20. Carpe diem
« Rien n'a plus de valeur qu'aujourd'hui. »
Johann W. v. Goethe
— Un cigare, comme promis.
Alexandre tendit la petite boîte à l'homme en face de lui. Allongé dans son lit d'hôpital, Paul souffrait d'un désagréable rhume. Les cernes qui commençaient à se dessiner sur les traits de son visage témoignaient des nuits courtes qu'il passait à cause de la maladie.
— Merci, mon grand, parvint à murmurer Paul malgré la toux grasse qui le fit grimacer.

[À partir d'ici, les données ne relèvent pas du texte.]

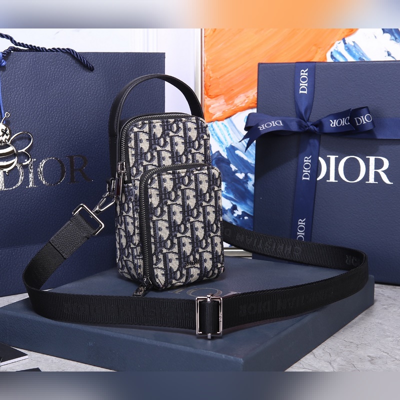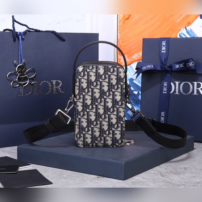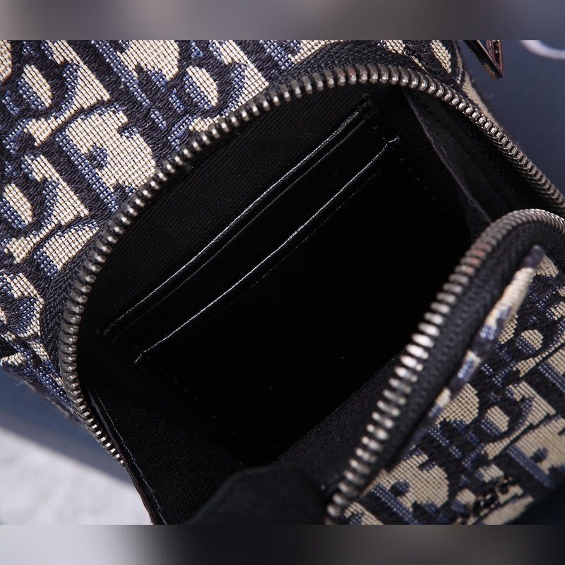Kivehető és állítható “Christian Dior” logó nejlon jacquard és fekete szemcsés borjúpánt különféle mobiltelefonok befogadására alkalmas iPhone 11 Pro Max méretig

L'homme aux cheveux grisonnant se mit à tousser, masquant son visage de son coude comme pour protéger le caporal du pénible microbe qui le clouait au lit depuis plusieurs jours déjà.
— Veux-tu un verre d'eau ? proposa Alexandre calmement.
Depuis leur dernier appel, il parvenait enfin à tutoyer son vieil ami. Celui-ci esquissa un large sourire sur ses lèvres pâles et gercées, dévoilant son dentier aux dents parfaitement alignées. Il acquiesça d'un simple de signe de tête, retenant la leçon de sa première prise de parole. Le caporal se dirigea vers la petite salle de bain en face du lit de Paul, attrapant le gobelet en plastique posé sur le lavabo.
— Tiens, reprit-il.
Paul se jeta sur la boisson, vidant le verre d'une traite.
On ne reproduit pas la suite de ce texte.